Another great state for corporations as well as LLCs is Wyoming: cheap formation, maintenance and beneficial business laws make this a great state for smaller companies and family companies. This is the first state to have passed laws allowing formation of LLCs in 1977. Wyoming is cheaper than Delaware, and has similar asset protection laws to Delaware, fully protecting single-member LLCs with a charging orders being the ‘sole’ remedy (creditors can only hold the order and wait to be paid, but cannot force distributions or foreclose on any membership interests). Another major draw is the lack of any state income taxes and franchise taxes on Wyoming legal entities; in fact, according to the new 2017 edition of the Tax Foundation’s State Business Tax Climate Index, “Wyoming has the most business-friendly tax system of any state,” for the seventh year in a row.

Within the past decade or so Wyoming has come out with Close LLCs, probably to try and add something new to the mix they could market.
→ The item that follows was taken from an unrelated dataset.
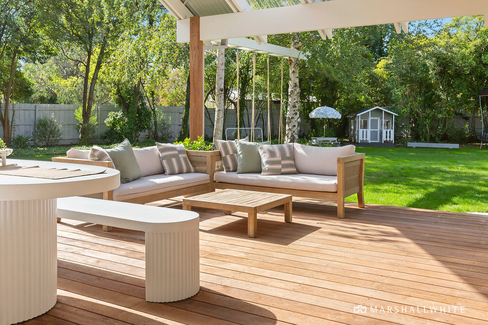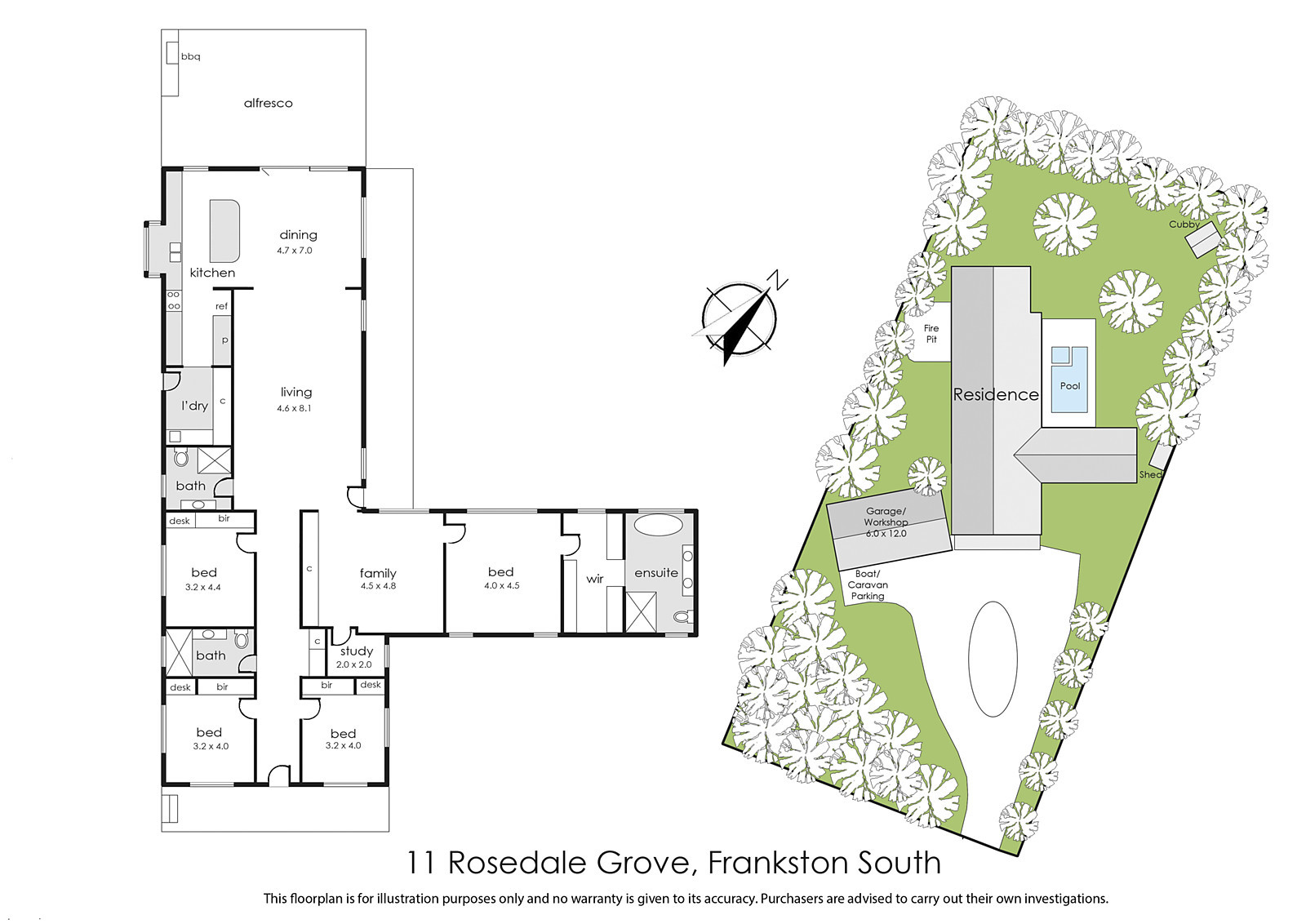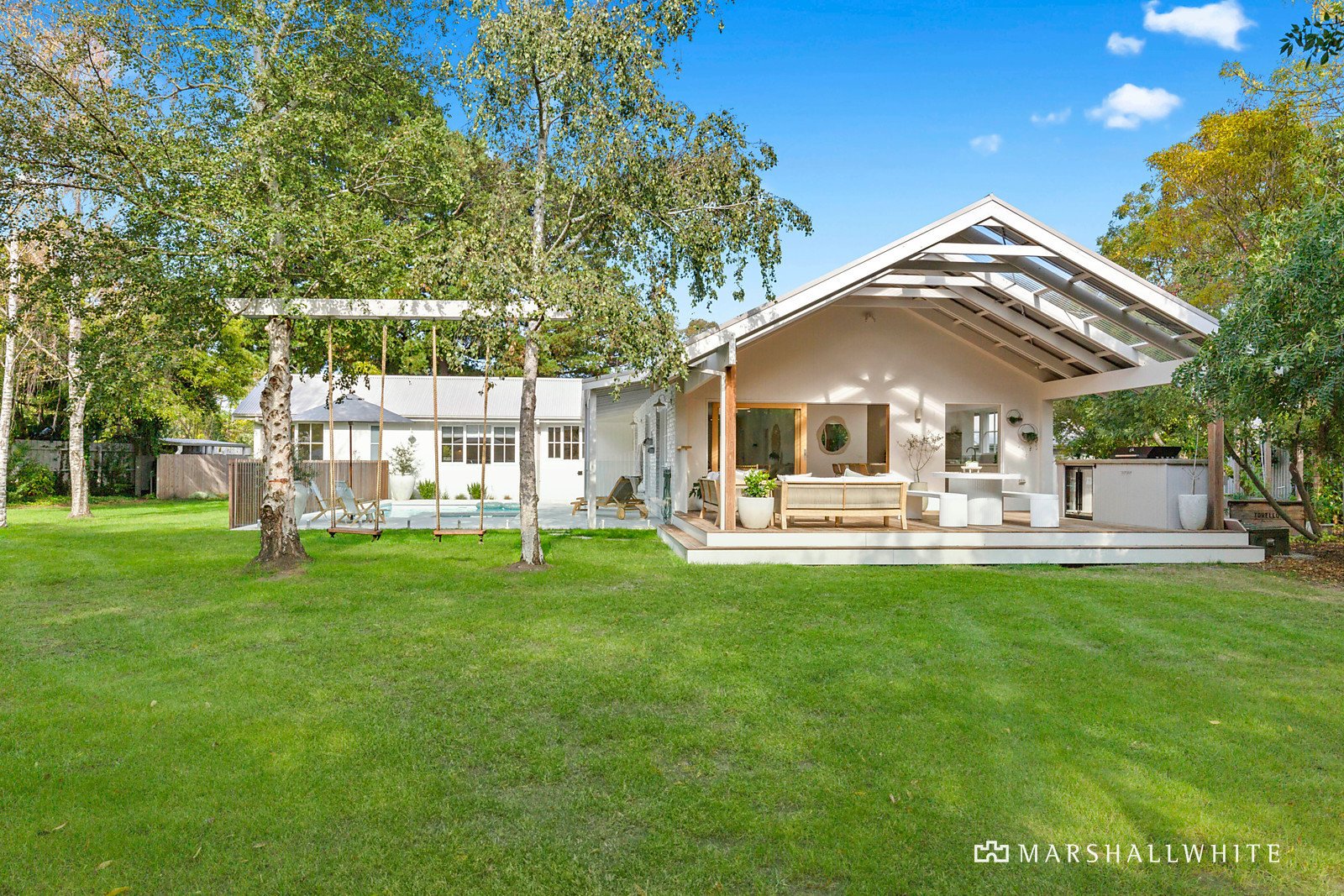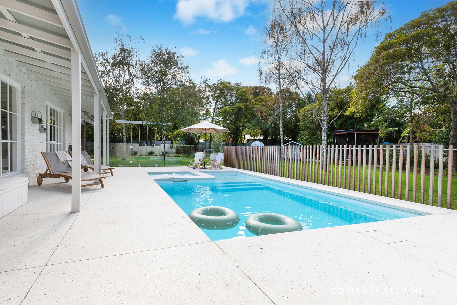 Light-filled and spacious, the central open plan living area has high raked ceilings with a window-sized skylight, and glass-sliding doors opening to the covered alfresco dining deck with built-in outdoor culinary zone. The show stopping kitchen has an island bench with elegantly curved edges in granite from Brazil, all Miele appliances including a 900mm gas cooktop and twin pyrolytic self-cleaning ovens. Other rooms include a stone laundry with external access, a secondary living room/retreat with floor-to-ceiling storage cabinetry, a study, plus a fitted 'mud room' nook. Surrounded by stunning honed concrete, the salt-chlorinated swimming pool is warmed by an electric heat pump, with a gas-heated spa. There are also raised veggie beds, a fire pit area, lush lawns, custom swing set, and cubby house completing the family paradise. The separate garage has an auto door and room for two vehicles, workshop/utility space, plus there is a caravan parking bay with power.

These entities restrict the transfer of interests, member withdrawal/resignations, return of capital, and there are a few additional legal mandates which make these entities a consideration for small private companies which are family owned; however, it should be noted that everything these new entities provide by law can also be drafted into a standard operating agreement by a competent attorney, and thereby become legally binding on all members.

Number 3 of the best states on this list would have to be New Mexico. This state would be number one on cost because there is only a $50 formation fee and no other fees or reports due ever again. It also has solid privacy protections, same as the above states: the members/managers do not need to be publicly disclosed in any documents. Additionally, NM tax laws are highly advantageous, same as the above states: if your company has no operations inside NM, then no taxes will be owed to the state. Note that residents of NM will owe taxes, just as with any other state.

However, what places this state at number 3 are its laws, which firstly do not have the historic association with business-friendly court rulings or extensive business expertise of the courts, as the states above. And additionally NM laws do not provide as strong asset protections as the above states, although their laws are decent. For example, a charging order is not expressly the “sole” remedy for a creditor; hence the possibility of foreclosure on a member’s interest and/or “piercing of the veil” are both more likely here. However, these types of issues can easily be dealt with in an operating agreement, for example by not permitting a creditor to become a member, by restricting creditor voting rights, by permitting the company to buy out the foreclosed member’s interest at a reduced price, and by means of other little tricks of the trade. Please contact this Firm to find out more; we handle a lot of these issues here.

The worst states for an LLC will follow in a separate post, but at this time it can easily be said that California, Nevada, and New York are definitely on that list. Yes, Nevada is no longer the LLC paradise it once was.